Without checks on girls in schools, many have been sent out to work, married off by their parents or sent to work in the sex industry, said Wilson.
Wilson said her organization and others like it have had difficulty continuing their FGM intervention programs during the pandemic because of a lack of funding. The group received most of its funds through in-person events.

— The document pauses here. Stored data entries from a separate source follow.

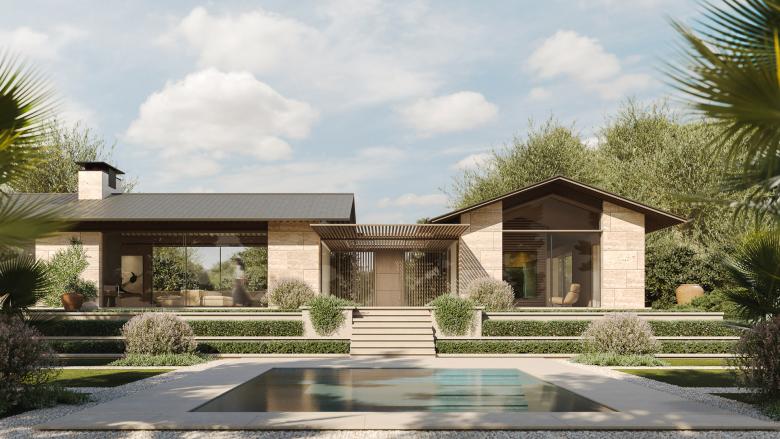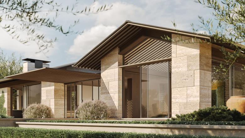 Der reduzierte Materialkanon – Stein, Beton, Holz – schafft eine zeitlose Atmosphäre, in der Architektur und Landschaft zu einer Einheit verschmelzen. Innenräume öffnen sich mit großflächigen Verglasungen zur Natur, bleiben jedoch durch eine sorgfältige Zonierung stets intim.
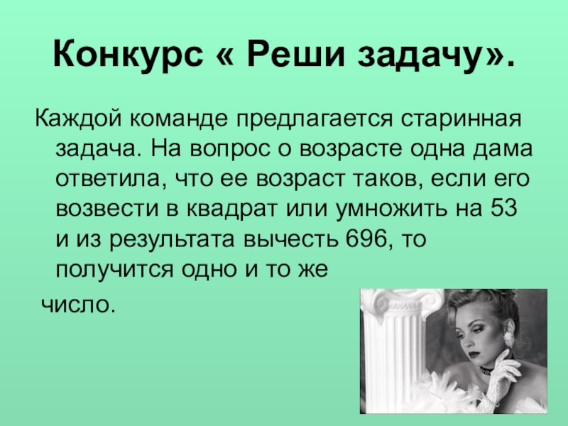 Конкурс « Реши задачу».Каждой команде предлагается старинная задача. На вопрос о возрасте одна дама ответила, что ее
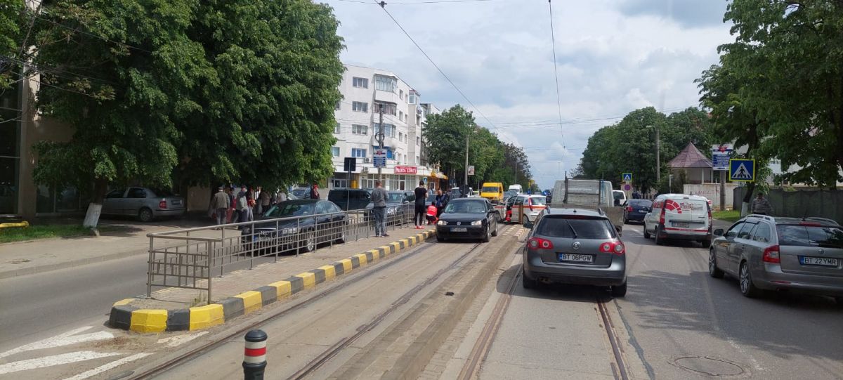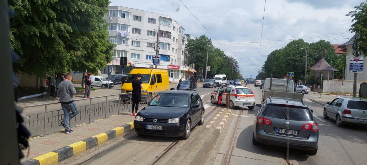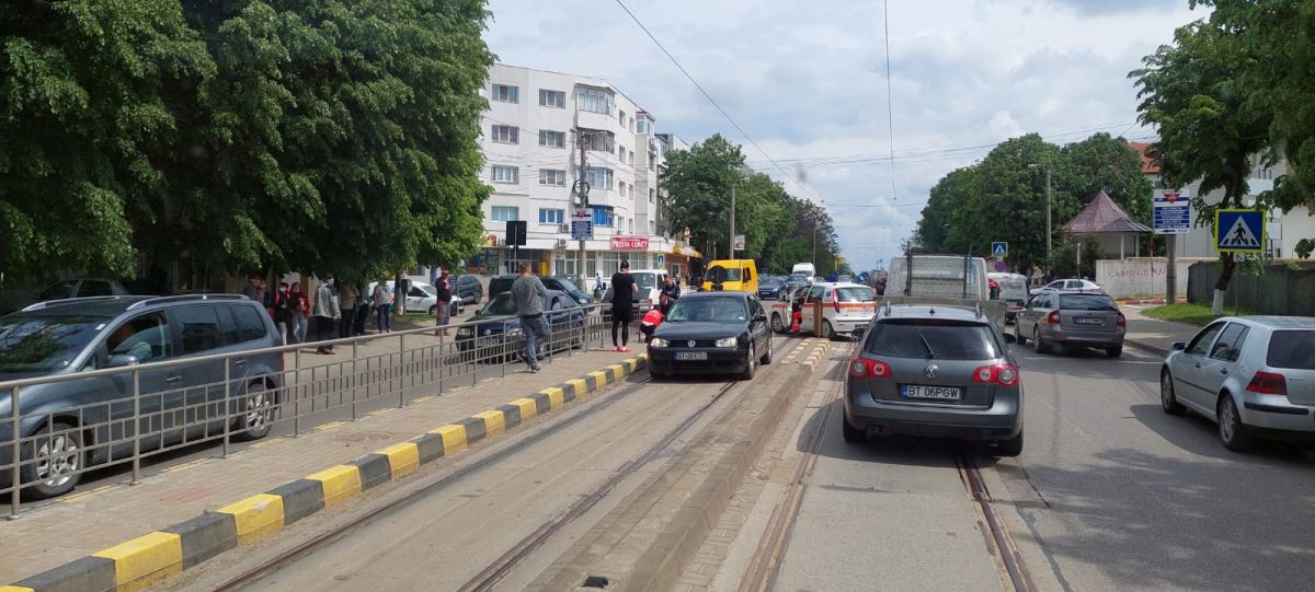 O femeie a fost lovită de un autoturism marca VW Passat al cărei șofer se afla pe banda cu liniile pentru tramvai, deschisă circulației odată cu scoaterea din uz a acestor mijloace de transport și introducerea autobuzelor.
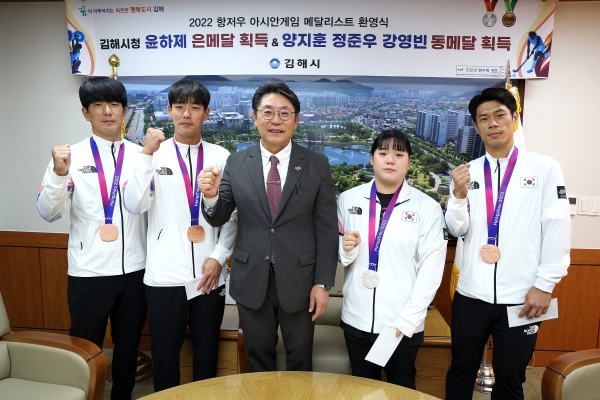 [금요저널] 김해시는 제19회 항저우 아시안게임에서 우수한 성적을 거둔 김해시청 소속 메달리스트들을 초청해 축하하고 포상금을 전달했다고 11일 밝혔다.
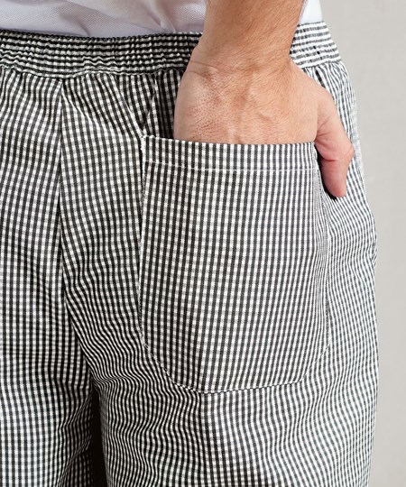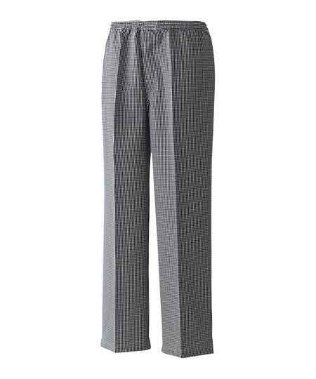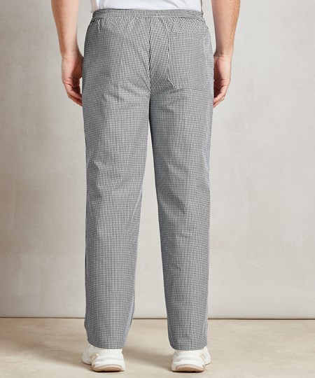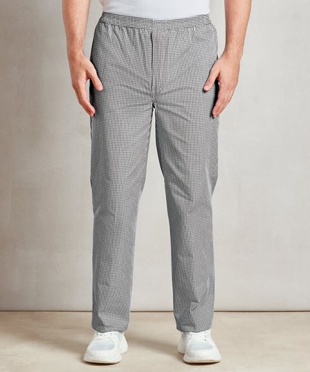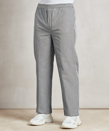Een traditionele koksbroek verkrijgbaar in twee populaire kleuren met kleine ruitjes. Een gemakkelijke, comfortabele pull-on-stijl voor maximaal comfort tijdens lange diensten in de keuken. Met een elastische tailleband, een rits en een handige achterzak.
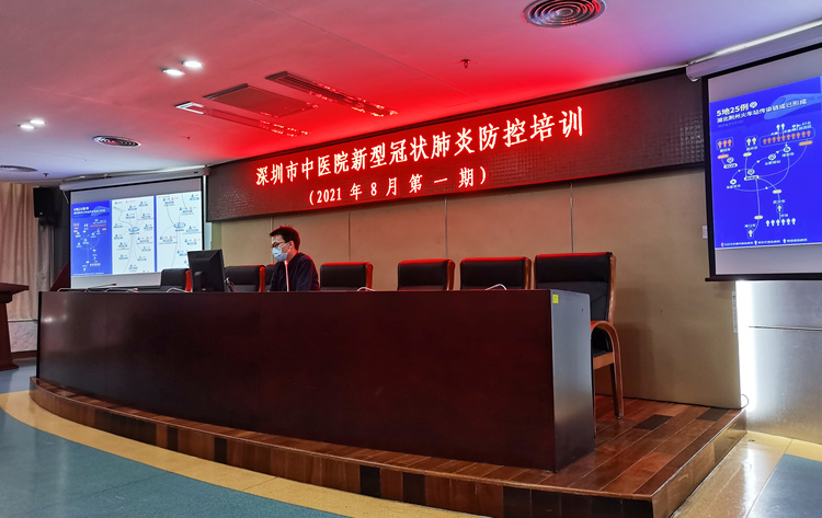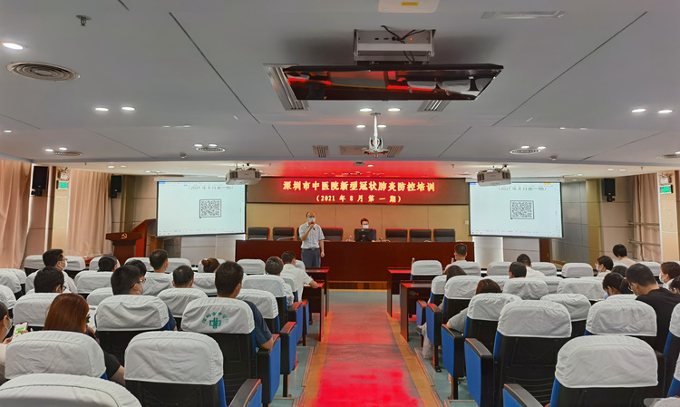 为贯彻落实《广东省新冠肺炎防控指挥办医疗救治组关于进一步做好医疗机构疫情防控工作的通知》文件精神,持续做好新冠肺炎疫情防控工作,根据医院工作安排,拟于2021年8月开展新型冠状病毒肺炎防控系列培训,此次培训将按岗位类型分三期进行,以确保对深圳市中医院所有岗位工作人员培训到位,加强人员管理,持续做好院感防控工作。2021年8月4日下午4点20分,医务科组织开展了主要面向临床、医技科室住院总医师、感控医师和感控护士等人员的第一期新型冠状病毒肺炎防控培训。
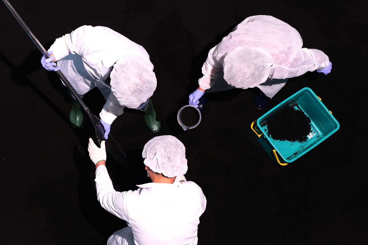 서울 성동구 뚝도 아리수정수센터 활성탄 흡착지실에서 관계자들이 시료를 채취하고 있다. /문호남 기자 munonam@
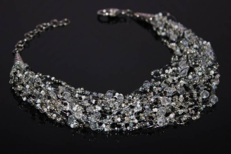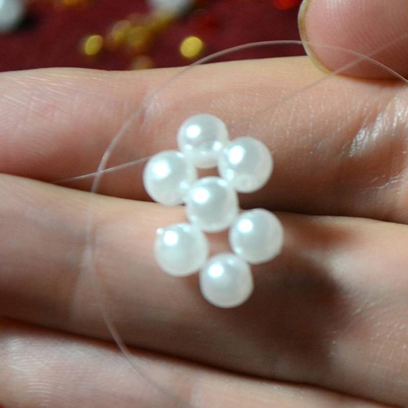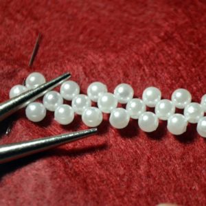 - Затегнете закопчалката с кръгли клещи, така че възелът да влезе в нея. След това нанижете перлите на конеца. Бъдете внимателни, тъй като перлите са деликатни и лесно могат да се надраскат.
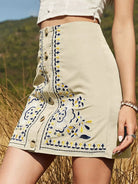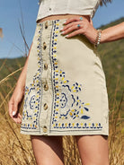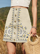 تنورة مطرزة بأزرار أمامية مطرزة بالزهور

In the first quarter of 2021, 28 Too Many’s income was down by a quarter, according to Wilson.
“We’d like to make sure that we do make it through this pandemic and carry on to the future, expanding our work and seeing it into the future,” Wilson said. “We want to work until there is nobody left who has FGM and is vulnerable.”
UNICEF adapted its FGM intervention programs to accommodate social distancing during the pandemic by switching to digital media platforms, conducting door-to-door campaigns and conducting community dialogues, according to Maksud.
In 2019, the U.N. called for action to eliminate FGM globally by 2030. But with intervention tactics halted by the COVID-19 pandemic, this goal may be out of reach.
“Even before COVID-19 upended progress, the Sustainable Development Goals’ target of ending female genital mutilation by 2030 was an ambitious commitment,” said the report, written by UNICEF Executive Director Henrietta Fore and Natalia Kanem, executive director of the U.N. Population Fund (UNFPA). “Far from dampening our ambition, however, the pandemic has sharpened our resolve to protect the 4 million girls and women who are at risk of female genital mutilation each year.”